3) Fixes present in the current code

The current code fixes both failure modes without inventing new semantics. These are the changes intended for PR:

3.1 SAFE_MOV: disable MOV‑LAM memoization by default (only)

Files: hvm4_static/clang/wnf/mov_lam.c, hvm4_static/clang/hvm4.c, hvm4_static/clang/main.c

What changed: when a MOV value reduces to a LAM, the runtime does not memoize the MOV expr slot (no heap_subst_var on the MOV slot). Each use gets a fresh lambda wrapper instead of sharing a mutable binder slot.

Why: prevents multiple applications from clobbering one shared binder cell.

Scope note: SAFE_MOV only affects MOV‑LAM memoization. MOV‑NOD / MOV‑SUP / MOV‑RED still memoize normally.

Impact: correctness for Payor; small overhead in lambda‑heavy MOV paths because each use rebuilds the lambda wrapper.

Toggle: set HVM4_SAFE_MOV=0 to enable legacy memoization. Default is safe (memoization off for MOV‑LAM).

3.2 Auto‑dup for MOV uses > 2 (parser‑level)

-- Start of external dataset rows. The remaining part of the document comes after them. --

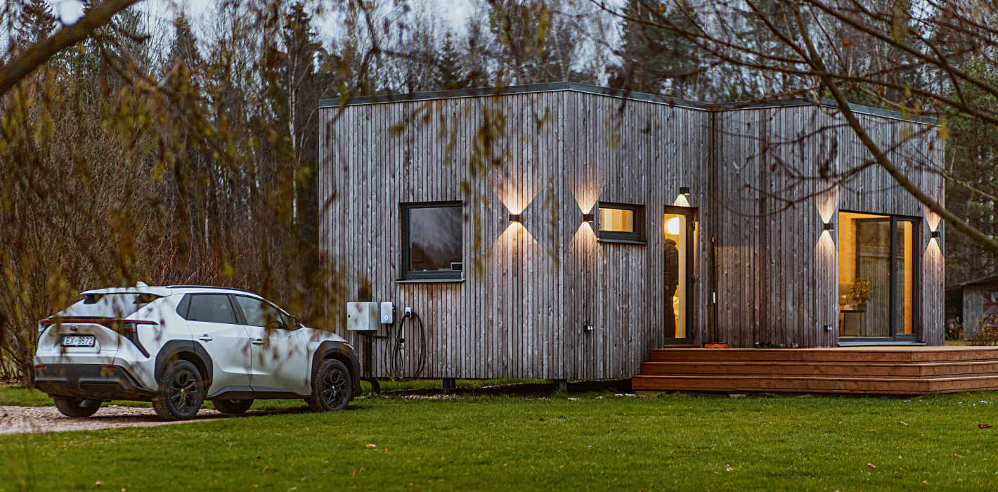 - Mājiņa ir moduļa tipa, iegādāta no ražotāja kā demo variants. Šī ir trešā ziema, kad saimnieki tajā pilnvērtīgi dzīvo.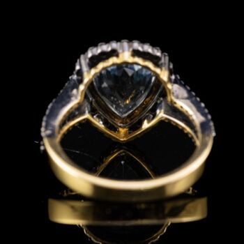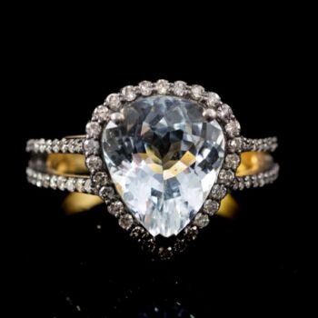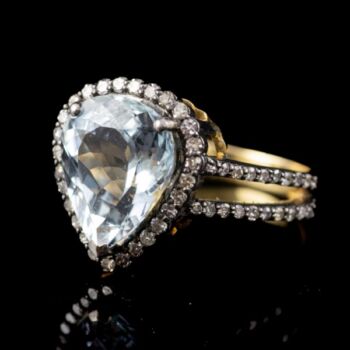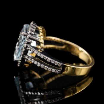 | 14 karátos arany gyűrűsín, Bruttó tömege: 4,75 gramm. Csepp formájú gyűrűfejben és gyűrűvállakon 925-ös finomságú ezüstbe foglalt 68 apró, Achtkant csiszolású gyémánttal Cca.0,34 ct; Közepében háromkarmos foglalatban, cseppformára csiszolt akvamarin Cca.3,25 ct. Gyűrű mérete: 54. | |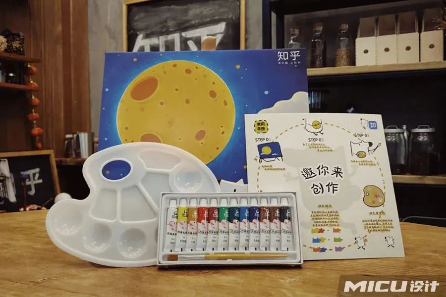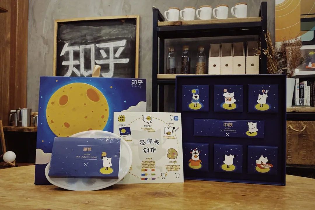 知乎今年月饼的主题是“邀你来创作”,礼盒内除了六个月饼之外,还有一副水彩盘,尽情发挥你的创作吧。

File: hvm4_static/clang/parse/term/mov.c

What changed: if a MOV binder is used more than twice, parse_auto_dup(..., BJM, 0) rewrites the body to make extra uses explicit. The MOV value is consumed once and the extra uses are routed through DUPs.

Why BJM is correct here: at parse time, MOV‑bound variables are represented as BJM (see hvm4_static/clang/parse/term/var.c, MOV binder path). parse_auto_dup operates on the parser’s de‑Bruijn representation (BJV/BJ0/BJ1/BJM), not runtime GOTs.

Why: preserves linearity under nested duplication and fixes the f3 repro.

Impact: correctness for 3+ uses; small compile‑time rewrite and extra DUPs at runtime. This is required for semantics and is not optional.

3.3 Minimal MOV/DUP dispatch (no special MOV‑under‑DUP fast paths)

File: hvm4_static/clang/wnf/_.c

What changed: WNF dispatch stays aligned with upstream; no custom MOV‑under‑DUP or DUP/MOV fast paths. This avoids adding administrative interactions that were inflating counts without correctness benefit.

3.4 Safe‑atom MOV fast paths

Files: hvm4_static/clang/wnf/mov_nod.c, hvm4_static/clang/wnf/mov_sup.c

What changed: when all fields are immutable atoms (e.g., NUM, NAM, ERA, quoted vars), skip GOT allocation and directly reconstruct the node. In mov_nod, this is guarded by ari <= 16 to keep a small stack buffer.

Why: avoid needless GOT indirections for trivial data.

Impact: small perf win on atom‑heavy values; no semantic change.

4) Why MOV can be faster (and when)

MOV can reduce interactions when it avoids explicit duplication and avoids propagating duplication through large structures. Typical wins:

  • Branch‑local uses: when a value is consumed in each branch once and the runtime can preserve branch separation, MOV avoids building a DUP chain and avoids the associated admin work.
  • Value is large and structured: DUP causes propagation through structure; MOV can share the value and expand only when needed.
  • Atom‑heavy values: the safe‑atom fast path avoids GOT allocations altogether.

This is why the bounty program drops from ~97k interactions in the DUP encoding to ~24.8k in the MOV encoding.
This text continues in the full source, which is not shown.